The building that Latitude 53 now occupies has a long history as a queer space. From 1969 until 2012, it housed a variety of queer bars and queer-owned restaurants. In 2019, to honour the history of the building it is in, Latitude 53 redeveloped the space formerly known as The Community Gallery into a space to fundamentally support and stimulate the emergence of new artistic voices. The space is called Garage, after Garage Burger, the queer burger bar that formerly existed on the same site. As a part of the launch of the new space, I was asked to create work that touched on the the history of the building and of queer spaces in Edmonton.

My work often uses visual media (primarily photography) and written langauge to try to reveal invisblie currents that shape and steer us. In thinking about Edmonton and the space that Latitude 53 now occupies, I was curios about the events that led to the closure of so many queer spaces and about the implications of those closures for future generations. 

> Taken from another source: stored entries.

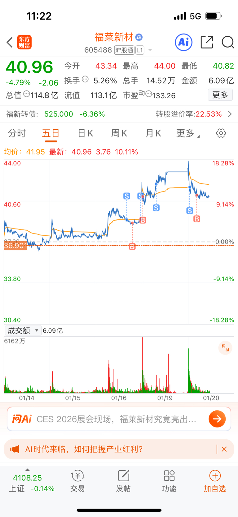 $福莱新材(SH605488)$ 继续做T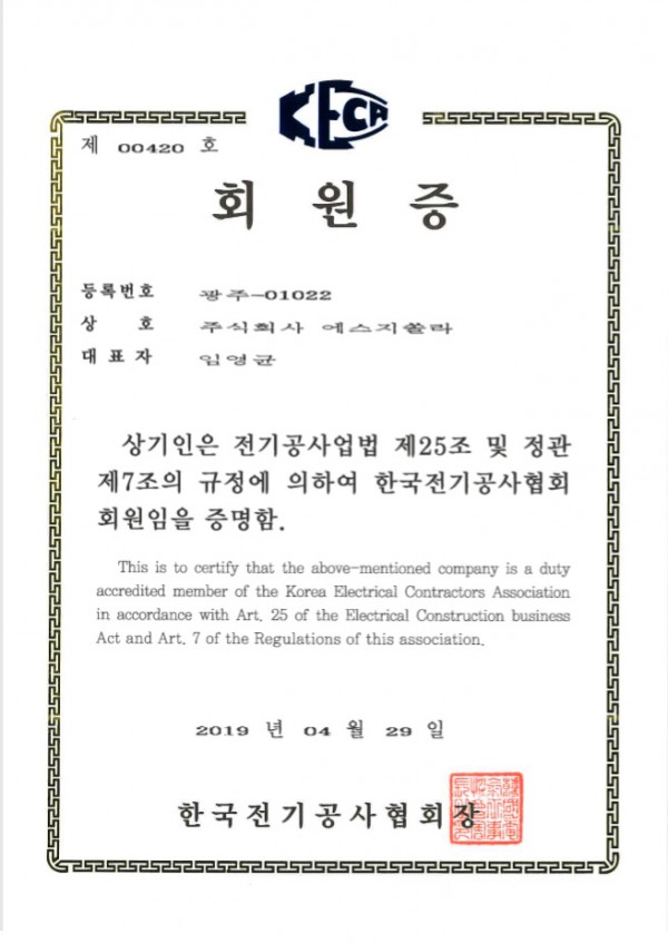한국전기공사협회회원증 페이지 정보 작성자최고관리자 댓글 0건 조회 897회 작성일 19-09-02 16:48 본문 (주)에스지쏠라 한국전기공사협회회원증 목록 이전글전기공사업등록증 19.09.02 다음글사업자등록증 19.09.02 댓글목록 댓글목록 등록된 댓글이 없습니다.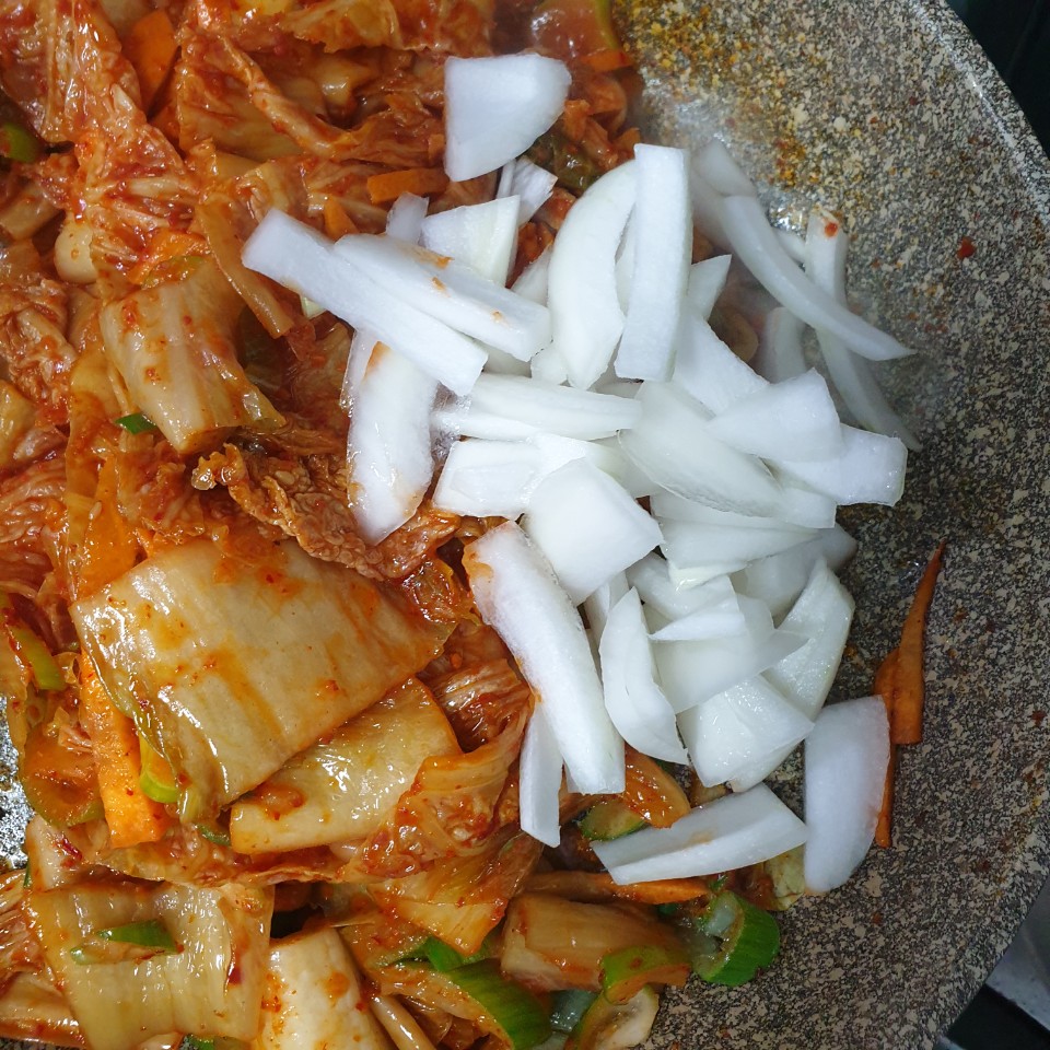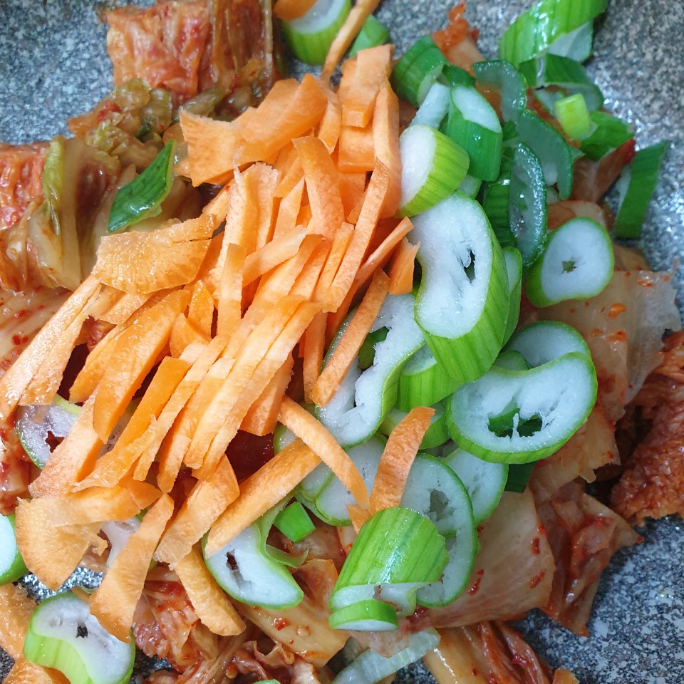 매운청량고추를 넣지 않고 아이랑 같이 먹으려고 고추가루도 넣지 않았구요 신김치만 있으면 금새 만드는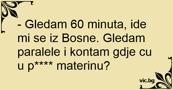 - Gledam 60 minuta, ide mi se iz Bosne. Gledam paralele i kontam gdje cu u p**** materinu?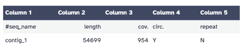 : contains contig number, length (bp), mean coverage , circular (yes/no), repeat (yes/no)

As I considered these questions, my mind kept returning to the word BAMF, an onomatopoeia from comic books I’ve read since I was a child. The sound describes the rushing in of air to fill the space of an absent body. It first came to mind as a metaphor for invisible forces and immediate replacement. 

Through this work, I wanted to hold the space in a state of transformation. The bodies depicted in these images exist in a state of disappearing: not fully here, not fully gone. By arresting time in a moment of change, my aim is to give space to think about this change and how it might ripple invisibly into the future.

The eight images that became the final work were shot on medium format film. They were not created through the use of digital manipulation of any kind. All framed works are 40” x 52”.